* _Work task_
Look for the line containing "Key Features: √" and the line containing "На записи с" in the entries below. Copy those two and all lines between them exactly, leaving out pictures.
--- Records to use Enclosed Below ---
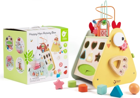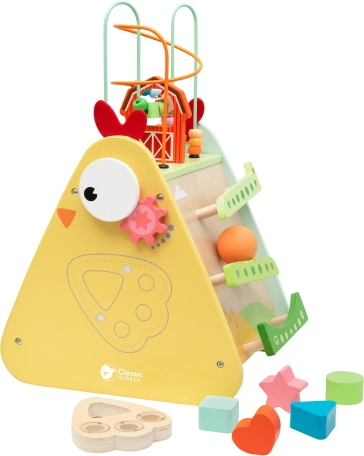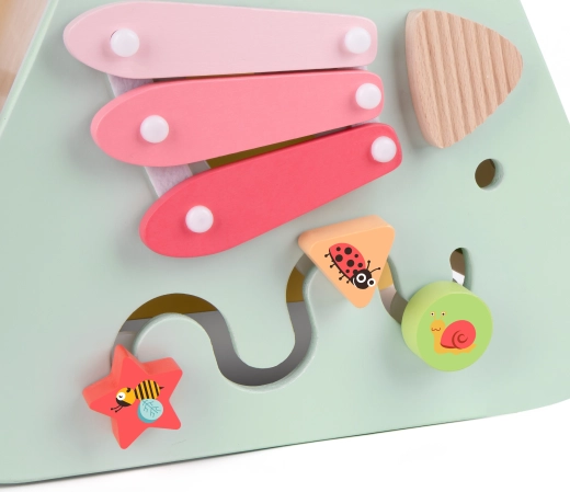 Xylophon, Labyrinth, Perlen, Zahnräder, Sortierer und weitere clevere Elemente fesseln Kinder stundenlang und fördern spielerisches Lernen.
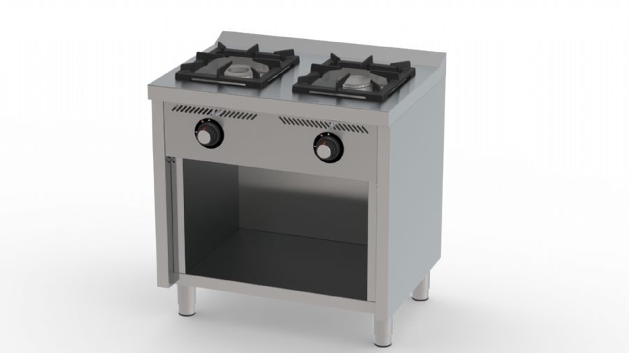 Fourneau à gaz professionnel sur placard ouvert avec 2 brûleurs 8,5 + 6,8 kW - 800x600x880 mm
--- End of Enclosed Records to use ---
--- Records to use Enclosed Below ---
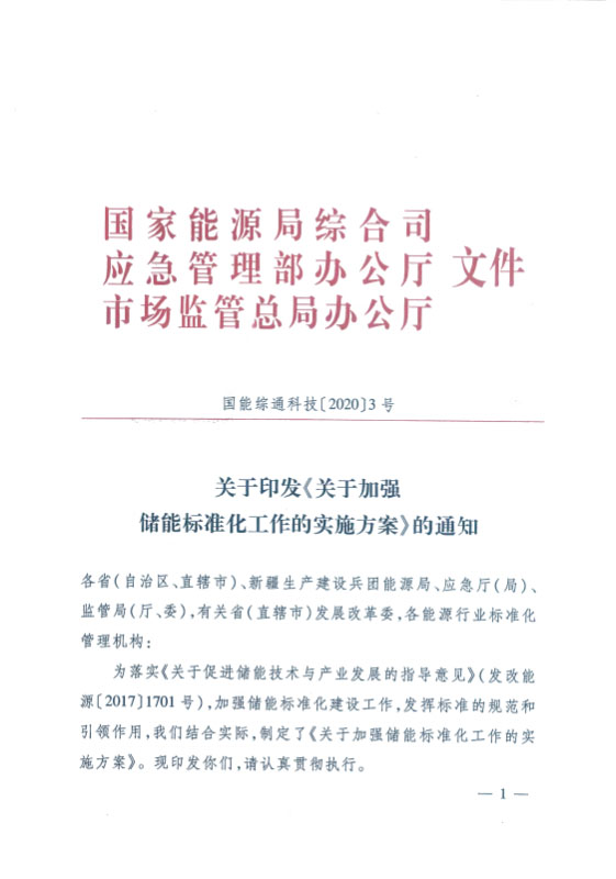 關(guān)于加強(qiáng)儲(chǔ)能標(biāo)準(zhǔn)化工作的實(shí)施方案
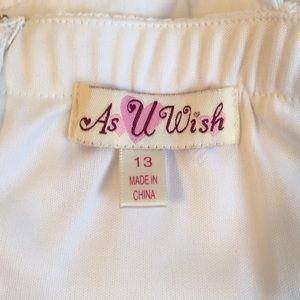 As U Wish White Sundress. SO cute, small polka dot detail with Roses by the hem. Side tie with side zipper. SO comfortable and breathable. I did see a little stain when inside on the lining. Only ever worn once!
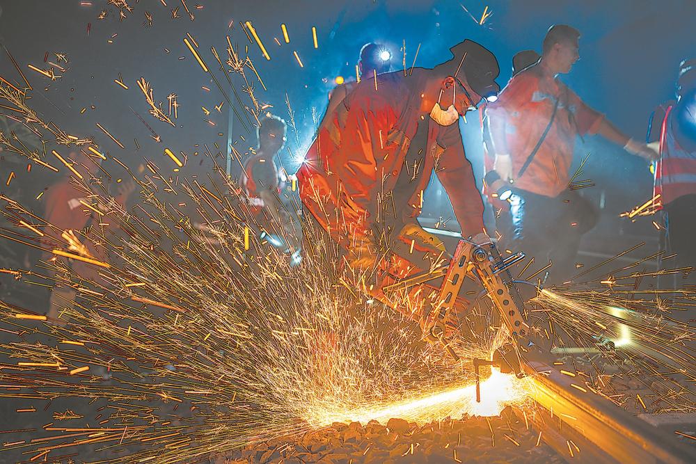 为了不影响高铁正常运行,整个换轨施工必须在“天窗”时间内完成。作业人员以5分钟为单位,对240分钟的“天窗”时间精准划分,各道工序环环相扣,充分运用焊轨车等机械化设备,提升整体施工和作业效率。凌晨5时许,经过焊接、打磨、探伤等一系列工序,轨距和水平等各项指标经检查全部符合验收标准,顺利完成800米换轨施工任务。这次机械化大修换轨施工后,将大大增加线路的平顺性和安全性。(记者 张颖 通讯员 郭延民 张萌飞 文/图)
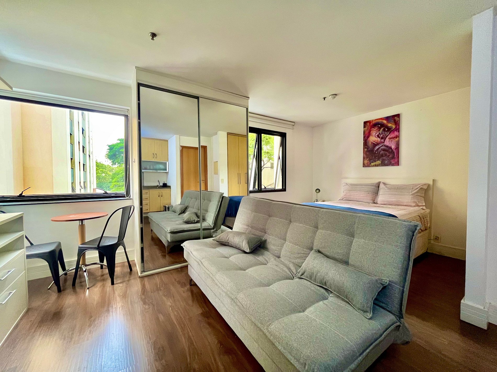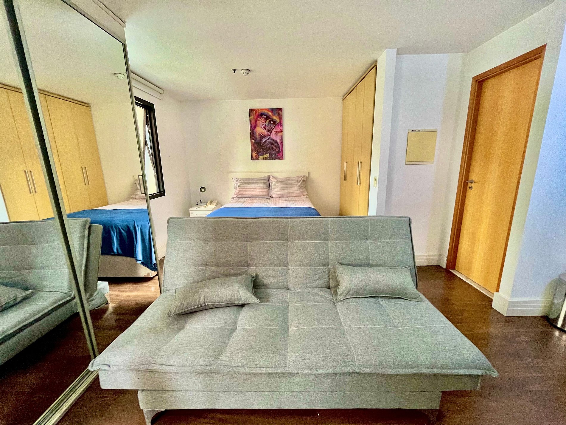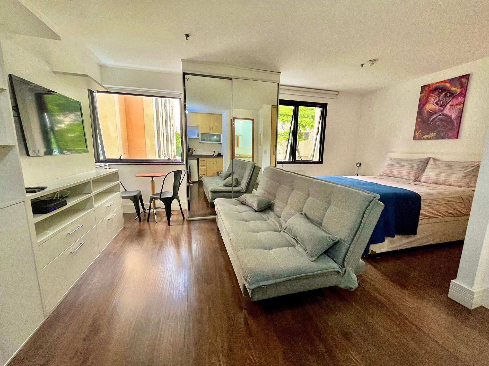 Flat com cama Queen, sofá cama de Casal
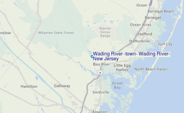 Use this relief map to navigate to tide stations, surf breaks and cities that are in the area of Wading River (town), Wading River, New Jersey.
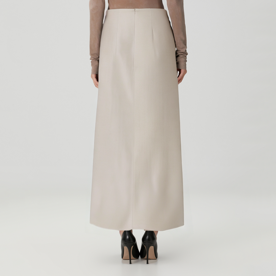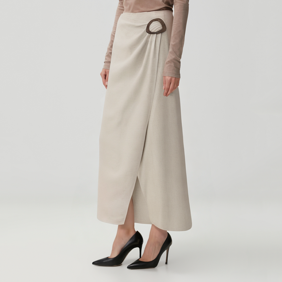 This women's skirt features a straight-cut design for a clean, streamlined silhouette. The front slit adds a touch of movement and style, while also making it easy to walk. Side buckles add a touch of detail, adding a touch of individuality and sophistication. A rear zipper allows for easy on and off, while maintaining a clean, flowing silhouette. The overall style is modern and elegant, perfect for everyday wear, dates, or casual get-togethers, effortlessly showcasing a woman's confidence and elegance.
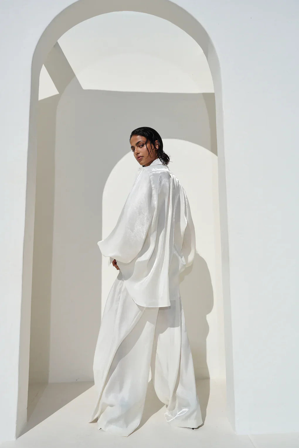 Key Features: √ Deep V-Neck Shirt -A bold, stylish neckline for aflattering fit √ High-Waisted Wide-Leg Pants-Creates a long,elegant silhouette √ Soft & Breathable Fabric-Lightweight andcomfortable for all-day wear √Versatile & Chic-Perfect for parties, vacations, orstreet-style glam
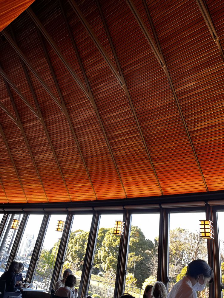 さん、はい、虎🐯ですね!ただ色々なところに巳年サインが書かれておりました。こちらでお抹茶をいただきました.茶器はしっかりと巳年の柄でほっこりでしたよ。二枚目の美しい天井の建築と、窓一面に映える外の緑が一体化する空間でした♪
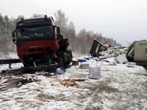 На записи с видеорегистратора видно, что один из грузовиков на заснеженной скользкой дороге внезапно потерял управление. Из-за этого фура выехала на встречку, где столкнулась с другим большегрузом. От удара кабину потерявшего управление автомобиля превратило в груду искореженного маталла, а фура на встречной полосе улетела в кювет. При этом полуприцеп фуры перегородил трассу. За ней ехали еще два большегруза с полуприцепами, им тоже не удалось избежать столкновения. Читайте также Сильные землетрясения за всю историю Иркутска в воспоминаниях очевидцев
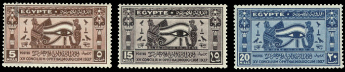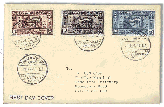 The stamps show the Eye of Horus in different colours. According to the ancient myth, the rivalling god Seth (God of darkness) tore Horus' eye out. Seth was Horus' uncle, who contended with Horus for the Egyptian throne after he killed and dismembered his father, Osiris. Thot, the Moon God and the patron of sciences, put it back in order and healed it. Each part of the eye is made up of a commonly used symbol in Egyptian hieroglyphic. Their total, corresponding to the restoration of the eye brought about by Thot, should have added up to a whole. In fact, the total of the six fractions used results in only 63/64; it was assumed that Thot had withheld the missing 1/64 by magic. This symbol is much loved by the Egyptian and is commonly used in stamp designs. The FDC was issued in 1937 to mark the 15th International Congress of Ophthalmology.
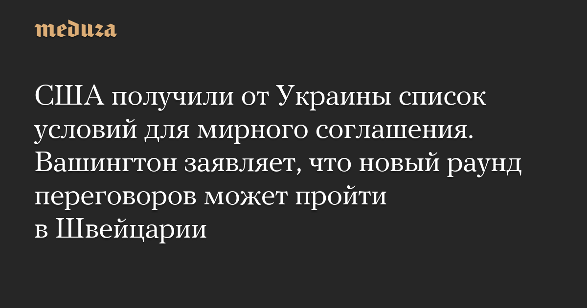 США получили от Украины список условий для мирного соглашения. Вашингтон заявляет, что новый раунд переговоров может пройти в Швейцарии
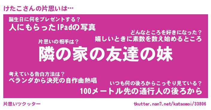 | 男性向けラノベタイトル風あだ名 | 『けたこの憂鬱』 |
--- End of Enclosed Records to use ---
--- Records to use Enclosed Below ---
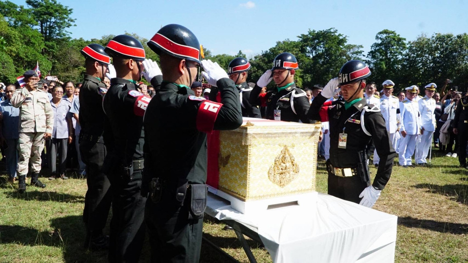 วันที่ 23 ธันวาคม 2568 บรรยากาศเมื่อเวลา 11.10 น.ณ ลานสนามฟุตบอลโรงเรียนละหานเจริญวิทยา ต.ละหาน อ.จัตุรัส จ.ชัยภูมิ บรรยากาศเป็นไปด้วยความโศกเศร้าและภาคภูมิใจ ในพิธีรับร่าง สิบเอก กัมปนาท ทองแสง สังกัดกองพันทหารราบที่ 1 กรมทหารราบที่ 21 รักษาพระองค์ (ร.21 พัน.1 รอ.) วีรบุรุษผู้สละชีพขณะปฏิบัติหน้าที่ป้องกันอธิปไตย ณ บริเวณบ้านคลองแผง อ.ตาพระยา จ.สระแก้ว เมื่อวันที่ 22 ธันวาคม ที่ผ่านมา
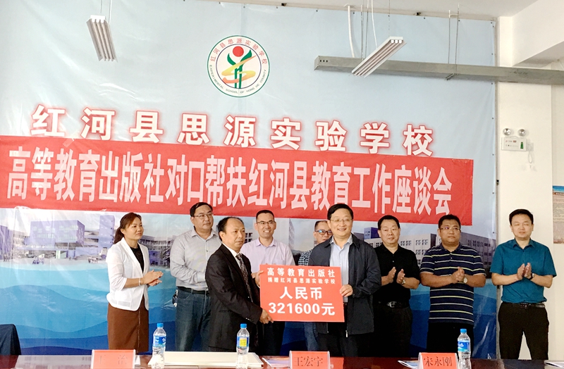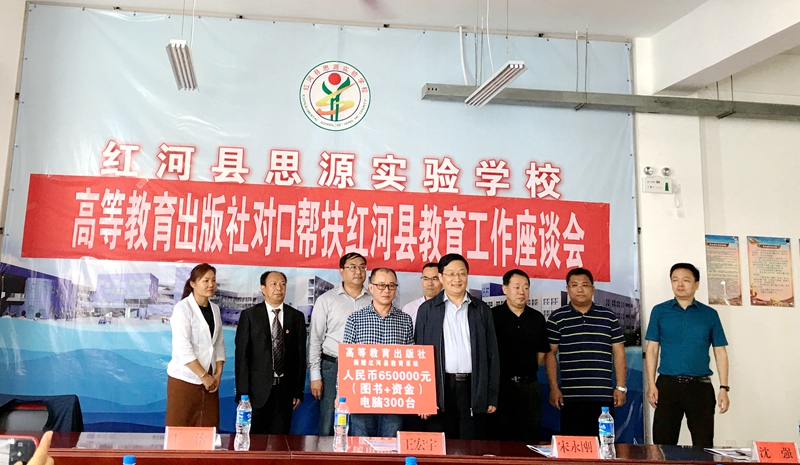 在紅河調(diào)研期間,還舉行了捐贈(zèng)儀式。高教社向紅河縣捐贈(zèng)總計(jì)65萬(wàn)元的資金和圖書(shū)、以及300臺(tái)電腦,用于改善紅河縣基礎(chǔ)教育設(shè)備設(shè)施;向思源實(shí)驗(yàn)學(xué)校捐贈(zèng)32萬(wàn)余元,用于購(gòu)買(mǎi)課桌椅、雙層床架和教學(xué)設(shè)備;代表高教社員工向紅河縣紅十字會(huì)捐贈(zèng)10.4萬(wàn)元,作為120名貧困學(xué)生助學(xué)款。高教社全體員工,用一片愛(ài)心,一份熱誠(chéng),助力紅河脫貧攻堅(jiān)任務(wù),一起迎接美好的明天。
--- End of Enclosed Records to use ---
* _Exercise solution_
 Key Features: √ Deep V-Neck Shirt -A bold, stylish neckline for aflattering fit √ High-Waisted Wide-Leg Pants-Creates a long,elegant silhouette √ Soft & Breathable Fabric-Lightweight andcomfortable for all-day wear √Versatile & Chic-Perfect for parties, vacations, orstreet-style glam
 さん、はい、虎🐯ですね!ただ色々なところに巳年サインが書かれておりました。こちらでお抹茶をいただきました.茶器はしっかりと巳年の柄でほっこりでしたよ。二枚目の美しい天井の建築と、窓一面に映える外の緑が一体化する空間でした♪
 На записи с видеорегистратора видно, что один из грузовиков на заснеженной скользкой дороге внезапно потерял управление. Из-за этого фура выехала на встречку, где столкнулась с другим большегрузом. От удара кабину потерявшего управление автомобиля превратило в груду искореженного маталла, а фура на встречной полосе улетела в кювет. При этом полуприцеп фуры перегородил трассу. За ней ехали еще два большегруза с полуприцепами, им тоже не удалось избежать столкновения. Читайте также Сильные землетрясения за всю историю Иркутска в воспоминаниях очевидцев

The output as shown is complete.